#### EXERCISE:
Reproduce the records below exactly from their first line through the line containing "10月25日下午,学校邀请北", omitting all pictures.

[Items from a data source]
_ _ _ _ _ _ _
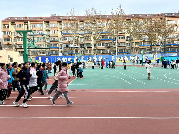 在北京小学,学生们在课间跑步。(受访者供图)
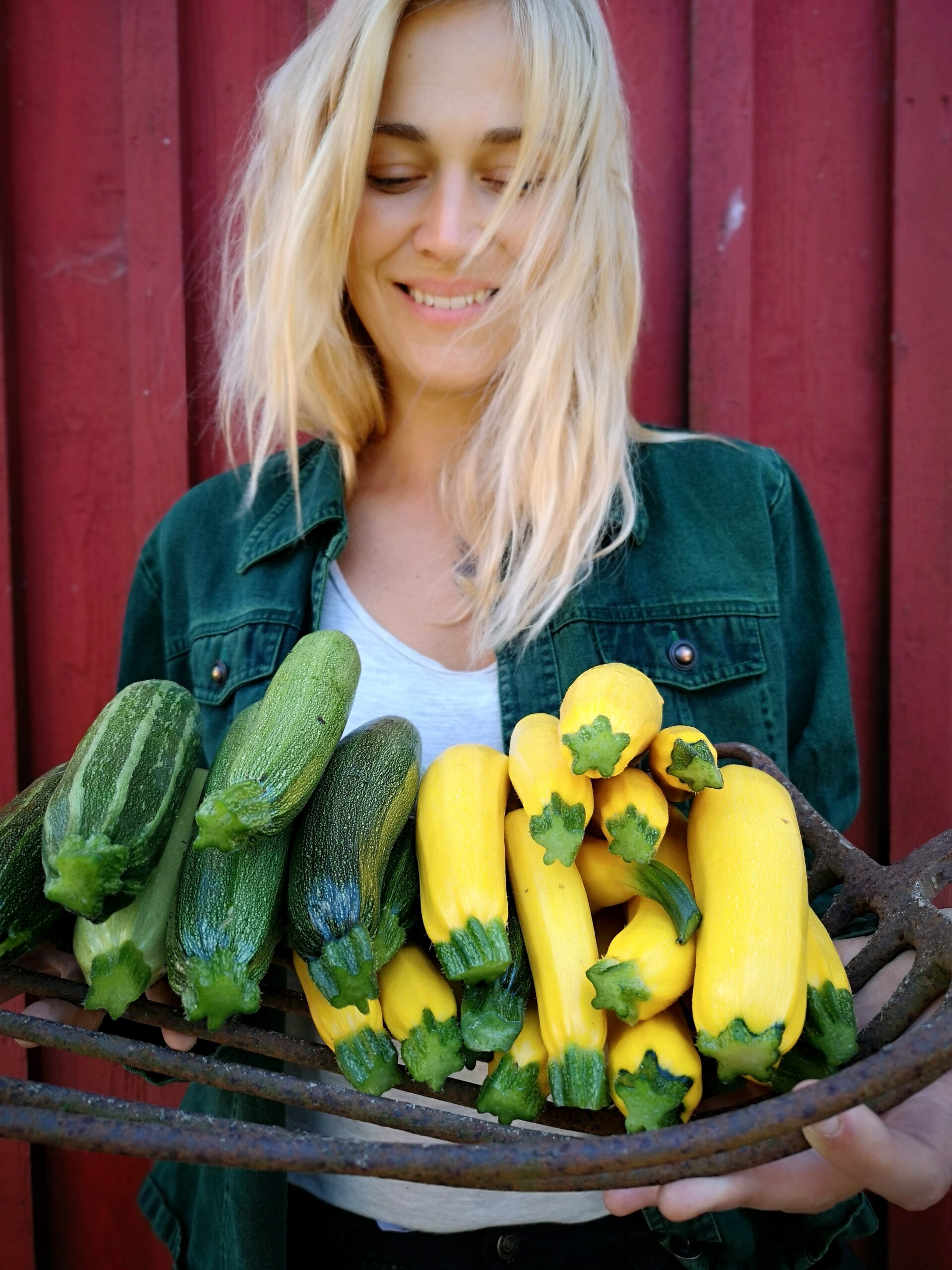 Vår zucchini är nyskördad och odlad med omsorg – mild, saftig och mångsidig i köket. Vi odlar flera sorter i olika färger och former, från klassiskt grönt till gult och randigt.
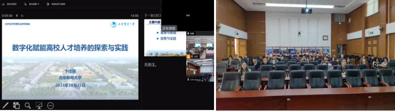10月25日下午,学校邀请北京邮电大学卞佳丽教授开展主题为“数字化赋能高校人才培养的探索与实践”的讲座。bat365在线平台常委、副院长、京津冀职教改革示范园区本科生院院长(兼)周丽主持。
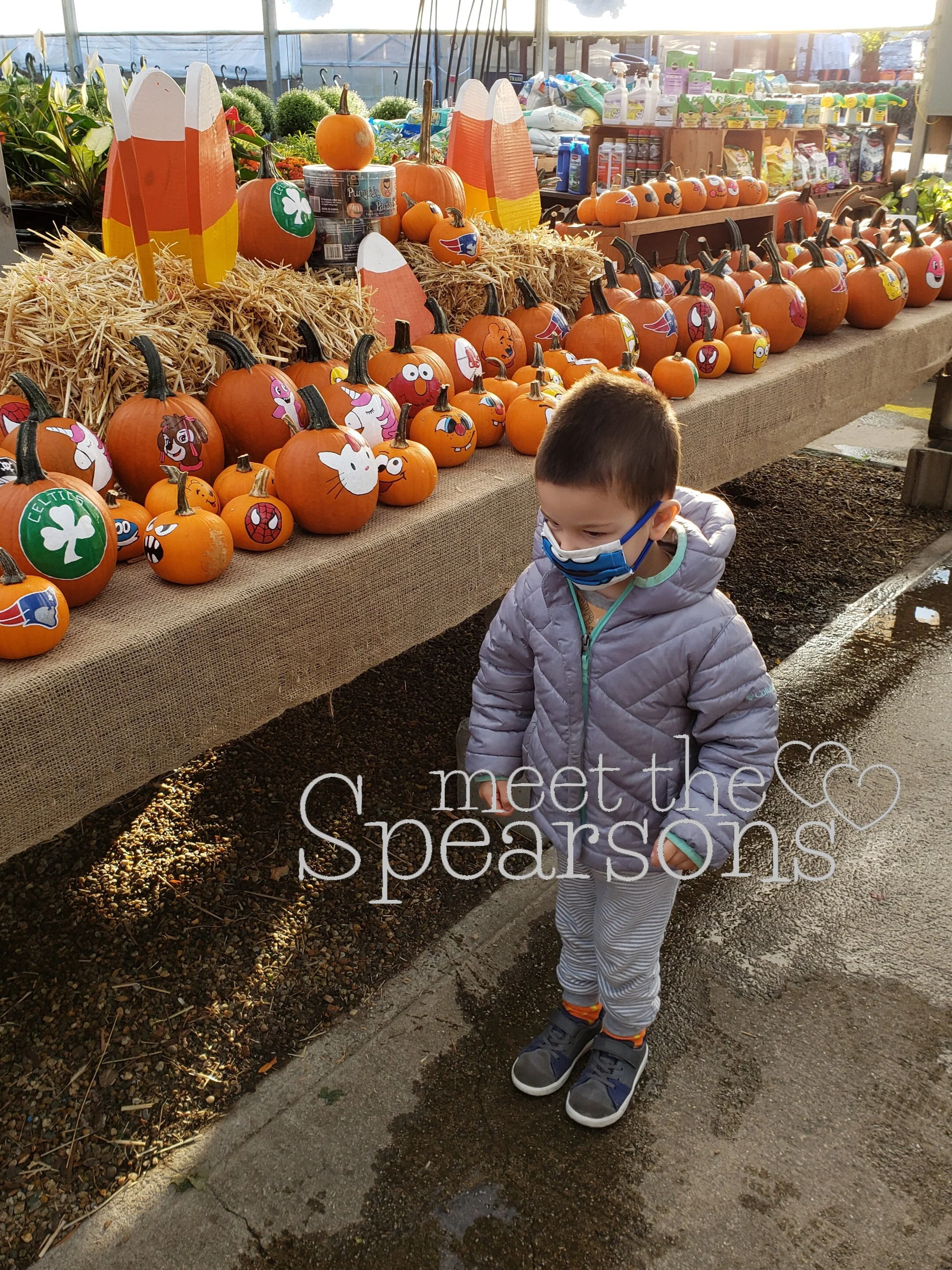 So we went first thing in the morning, and were the only people there. We ran around, picked out some pumpkins and took some pictures. I’m all about any activity that can feel a bit “normal” and still feel safe. E’s favorite part was all of the painted pumpkins for sale. He found a Cookie Monster one, and was super excited. G chose a baby shark one over an Elmo, which hopefully isn’t a bad sign for our coming Halloween costumes.
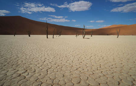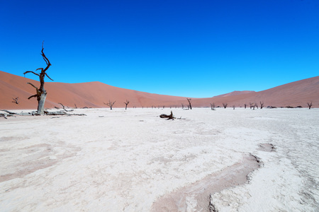 Dead trees and dry mud in the Sossusvlei desert, Namibia
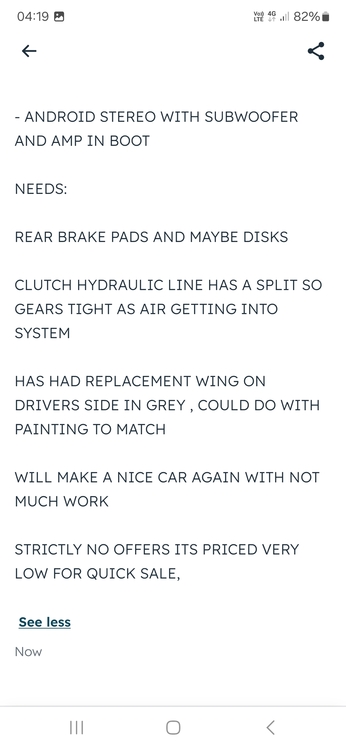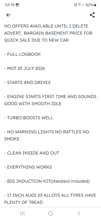 BARGAIN BASEMENT PRICE FOR QUICK SALE DUE TO NEEDING MONEY FOR MY VAN
_ _ _ _ _ _ _
#### EXERCISE OUTPUT:
 在北京小学,学生们在课间跑步。(受访者供图)
 Vår zucchini är nyskördad och odlad med omsorg – mild, saftig och mångsidig i köket. Vi odlar flera sorter i olika färger och former, från klassiskt grönt till gult och randigt.
10月25日下午,学校邀请北京邮电大学卞佳丽教授开展主题为“数字化赋能高校人才培养的探索与实践”的讲座。bat365在线平台常委、副院长、京津冀职教改革示范园区本科生院院长(兼)周丽主持。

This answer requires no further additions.